Edit: I'm not sure if this would be useful to anyone because the file is very long and cryptic, but below is an example of part of the first lines of _lr_action_items and _lr_goto_items

Python 2:

_lr_action_items = {'DOTDIV':([6,9,14,20,22,24,32,34,36,42,46,47,52,54,56,57,60,71,72,73,74,75 ...
_lr_goto_items = {'lambda_args':([45,80,238,],[99,161,263,]),'unwind':([1,8,28,77,87,160,168,177 ...

Python 3:

_lr_action_items = {'END_STMT':([0,1,2,3,4,5,6,7,8,9,10,11,12,13,14,15,16,17,18,19,20,21,22,23,24,26,27,39,41,48,50 ...
_lr_goto_items = {'top':([0,],[1,]),'stmt':([1,44,46,134,137,207,212,214,215,244,245,250 ...

Solution

  • I'm going to go out on a limb here, because you have provided practically no indication of what code you are actually using. So I'm just going to assume that you copied the lexer.py file from the github repository you linked to in your question.

    There's an important clue in this error message:

    log_idx = A <= 16;
                  ^
    SyntaxError: Unexpected "=" (parser)
    

    Evidently, <= is not being scanned as a single token; otherwise, the parser would not see an = token at that point in the input. This can only mean that the scanner is returning two tokens, < and =, and if that's the case, it is most certainly a syntax error, as you would expect from

    log_idx = A < = 16;
    

    To figure out why the lexer would do this, it's important to understand how the Ply (default) lexer works. It gathers up all the lexer patterns from variables whose names start t_, which must be either functions or variables whose values are strings. It then sorts them as follows:

    1. function docstrings, in order by line number in the source file.
    2. string values, in reverse order by length.

    See Specification of Tokens in the Ply manual.

    That usually does the right thing, but not always. The intention of sorting in reverse order by length is that a prefix pattern will come after a pattern which matches a longer string. So if you had patterns '<' and '<=', '<=' would be tried first, and so in the case where the input had <=, the < pattern would never be tried. That's important, since if '<' is tried first, '<=' will never be recognised.

    However, this simple heuristic does not always work. The fact that a regular expression is shorter does not necessarily mean that its match will be shorter. So if you expect "maximal munch" semantics, you sometimes have to be careful about your patterns. (Or you can supply them as docstrings, because then you have complete control over the order.)

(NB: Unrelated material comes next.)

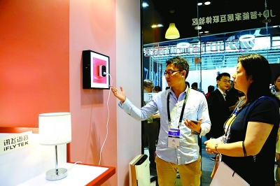 科技为文化产业发展插上新的翅膀,图为观众在智能家居互联体验区参观一款可用手机APP控制的设备。光明图片/视觉中国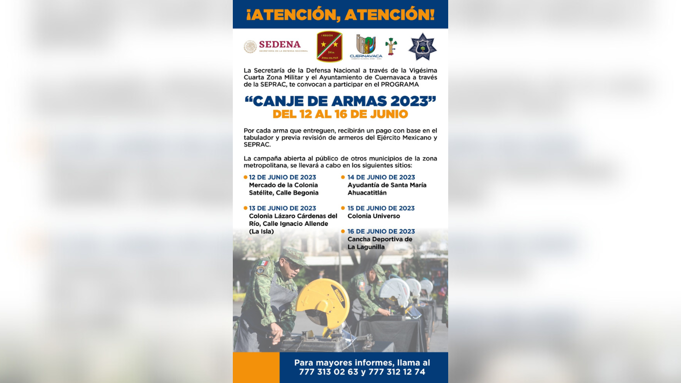 El Ayuntamiento de Cuernavaca y la Sedena hacen el llamado para participar en el programa Canje de Armas, con el que buscan promover la cultura de la paz y convivencia pacífica, al proporcionar incentivos para que las personas entreguen sus armas, se busca generar conciencia sobre los riesgos asociados con su posesión y uso.

    And whoever created that lexer.py file was not careful about their patterns, because it includes (among other issues):

    t_LE          = r"<="
    t_LT          = r"\<"
    

    Note that since these are raw strings, the backslash is retained in the second string, so both patterns are of length 2:

    >>> len(r"\<")
    2
    >>> len(r"<=")
    2
    

    Since the two patterns have the same length, their relative order in the sort is unspecified. And it is quite possible that the two versions of Python produce different sort orders, either because of differences in the implementation of sort or because of differences in the order which the dictionary of variables is iterated, or some combination of the above.

    < has no special significance in a Python regular expression, so there is no need to backslash-escape it in the definition of t_LT. (Clearly, since it is not backslash-escaped in t_LE.) So the simplest solution would be to make the sort order unambiguous by removing the backslash:

    t_LE          = r"<="
    t_LT          = r"<"
    

    Now, t_LE is longer and will definitely be tried first.

    That's not the only instance of this problem in the lexer file, so you might want to revise it carefully.

    Note: You could also fix the problem by adding an unnecessary backslash to the t_LE pattern; there is an argument for taking the attitude, "When in doubt, escape." However, it is useful to know which characters need to be escaped in a Python regex, and the Python documentation for the re package contains a complete list. Also, consider using long raw strings for patterns which include quotes, since neither " nor ' need to be backslash escaped in a Python regex.